▸ **What is expected**:
Below are some records. Return exactly the lines from the one with "Le projet est" to the one with "Обложка дела о", and nothing else.

▸ **Data for this exercise**:
============
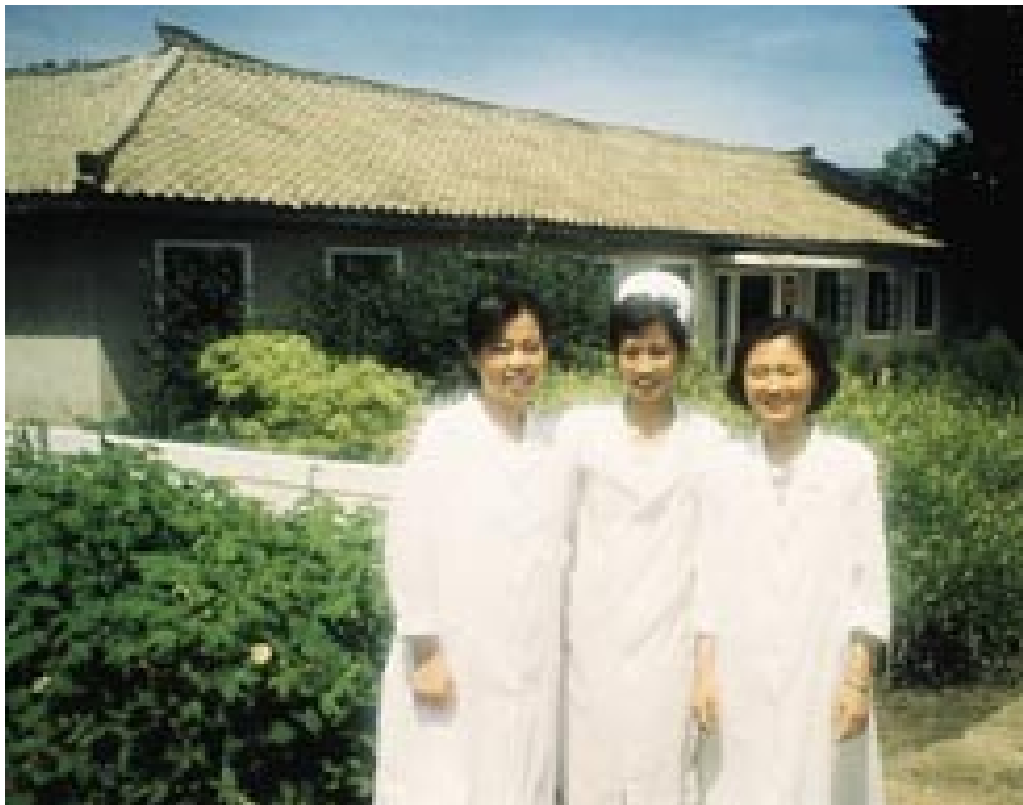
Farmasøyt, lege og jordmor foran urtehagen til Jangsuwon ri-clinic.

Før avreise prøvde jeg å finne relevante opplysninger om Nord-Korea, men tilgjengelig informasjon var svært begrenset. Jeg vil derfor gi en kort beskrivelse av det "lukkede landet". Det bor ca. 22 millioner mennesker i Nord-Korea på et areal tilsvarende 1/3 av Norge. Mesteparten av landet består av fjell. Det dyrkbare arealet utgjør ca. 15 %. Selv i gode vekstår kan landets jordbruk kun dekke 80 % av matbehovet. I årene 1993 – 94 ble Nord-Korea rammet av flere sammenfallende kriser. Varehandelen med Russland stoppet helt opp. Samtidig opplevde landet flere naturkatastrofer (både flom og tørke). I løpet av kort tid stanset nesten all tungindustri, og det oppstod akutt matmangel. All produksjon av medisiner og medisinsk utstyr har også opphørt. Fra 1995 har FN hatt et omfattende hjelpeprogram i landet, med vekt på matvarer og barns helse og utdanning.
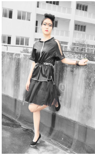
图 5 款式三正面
============
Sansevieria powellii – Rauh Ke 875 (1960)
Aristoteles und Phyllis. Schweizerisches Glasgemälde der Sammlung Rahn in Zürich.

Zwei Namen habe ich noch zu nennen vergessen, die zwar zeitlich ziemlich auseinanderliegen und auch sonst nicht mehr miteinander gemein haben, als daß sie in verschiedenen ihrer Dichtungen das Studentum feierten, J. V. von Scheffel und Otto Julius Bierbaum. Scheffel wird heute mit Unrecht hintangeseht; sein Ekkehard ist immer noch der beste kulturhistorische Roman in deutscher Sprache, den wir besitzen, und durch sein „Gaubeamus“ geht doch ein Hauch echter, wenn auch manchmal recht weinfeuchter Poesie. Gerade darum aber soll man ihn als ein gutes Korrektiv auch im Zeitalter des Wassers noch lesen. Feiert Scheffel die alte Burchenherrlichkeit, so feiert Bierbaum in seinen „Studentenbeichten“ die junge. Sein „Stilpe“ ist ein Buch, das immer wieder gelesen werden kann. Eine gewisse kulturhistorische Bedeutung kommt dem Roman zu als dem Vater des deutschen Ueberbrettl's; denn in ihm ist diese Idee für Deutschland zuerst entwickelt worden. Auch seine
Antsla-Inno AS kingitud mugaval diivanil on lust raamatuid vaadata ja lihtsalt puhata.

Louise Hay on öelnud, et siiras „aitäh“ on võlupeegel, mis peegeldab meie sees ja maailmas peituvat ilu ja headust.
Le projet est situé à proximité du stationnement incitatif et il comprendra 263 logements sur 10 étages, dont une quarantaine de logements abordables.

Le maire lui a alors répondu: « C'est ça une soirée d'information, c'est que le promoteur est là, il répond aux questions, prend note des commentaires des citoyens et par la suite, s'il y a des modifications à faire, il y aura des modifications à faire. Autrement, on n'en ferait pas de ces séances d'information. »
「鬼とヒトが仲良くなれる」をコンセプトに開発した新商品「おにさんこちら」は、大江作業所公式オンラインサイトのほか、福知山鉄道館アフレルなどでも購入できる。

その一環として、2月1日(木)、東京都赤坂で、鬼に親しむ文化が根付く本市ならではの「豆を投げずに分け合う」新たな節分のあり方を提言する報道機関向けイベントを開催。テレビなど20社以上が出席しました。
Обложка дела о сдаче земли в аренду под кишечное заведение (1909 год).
============
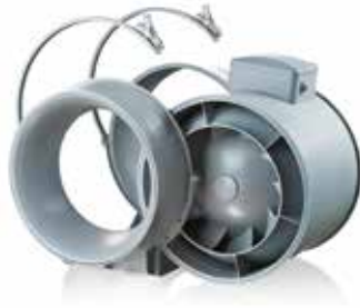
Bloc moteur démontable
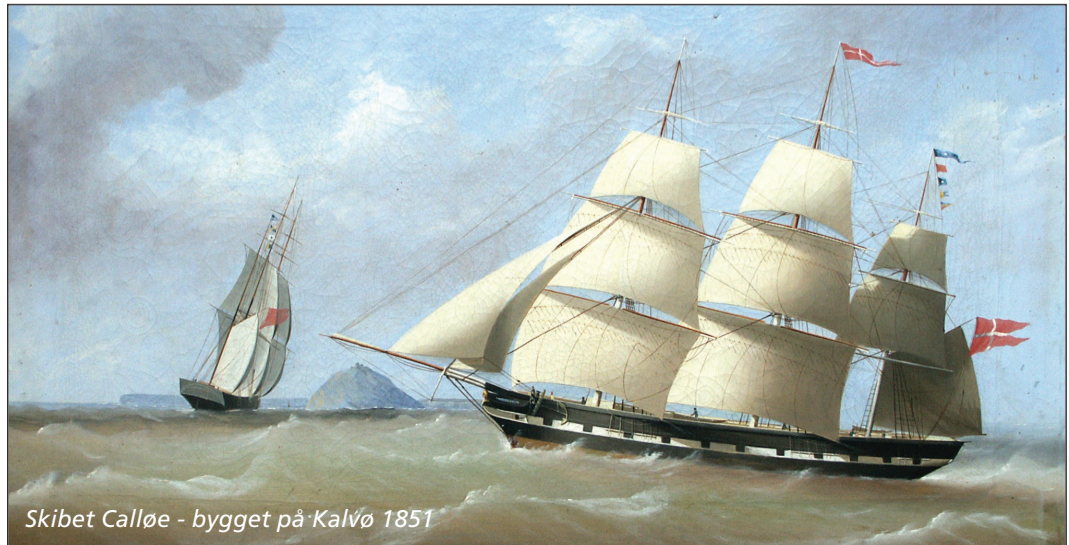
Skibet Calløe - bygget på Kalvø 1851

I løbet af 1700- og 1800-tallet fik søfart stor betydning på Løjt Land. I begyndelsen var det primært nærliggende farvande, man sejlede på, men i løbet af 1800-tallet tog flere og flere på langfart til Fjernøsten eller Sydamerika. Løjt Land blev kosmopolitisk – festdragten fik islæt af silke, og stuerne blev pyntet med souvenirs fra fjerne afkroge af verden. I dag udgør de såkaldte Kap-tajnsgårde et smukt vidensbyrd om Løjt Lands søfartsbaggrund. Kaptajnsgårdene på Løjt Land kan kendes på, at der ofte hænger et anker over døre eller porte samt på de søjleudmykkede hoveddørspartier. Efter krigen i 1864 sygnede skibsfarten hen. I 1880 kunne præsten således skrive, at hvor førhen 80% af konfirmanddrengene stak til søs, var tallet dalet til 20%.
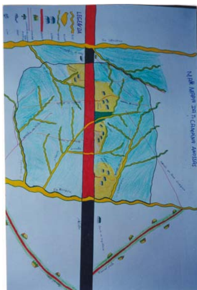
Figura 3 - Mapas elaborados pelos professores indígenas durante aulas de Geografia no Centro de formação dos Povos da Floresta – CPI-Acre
============
▸ **Solution for this task**:
Le projet est situé à proximité du stationnement incitatif et il comprendra 263 logements sur 10 étages, dont une quarantaine de logements abordables.

Le maire lui a alors répondu: « C'est ça une soirée d'information, c'est que le promoteur est là, il répond aux questions, prend note des commentaires des citoyens et par la suite, s'il y a des modifications à faire, il y aura des modifications à faire. Autrement, on n'en ferait pas de ces séances d'information. »
「鬼とヒトが仲良くなれる」をコンセプトに開発した新商品「おにさんこちら」は、大江作業所公式オンラインサイトのほか、福知山鉄道館アフレルなどでも購入できる。

その一環として、2月1日(木)、東京都赤坂で、鬼に親しむ文化が根付く本市ならではの「豆を投げずに分け合う」新たな節分のあり方を提言する報道機関向けイベントを開催。テレビなど20社以上が出席しました。
Обложка дела о сдаче земли в аренду под кишечное заведение (1909 год).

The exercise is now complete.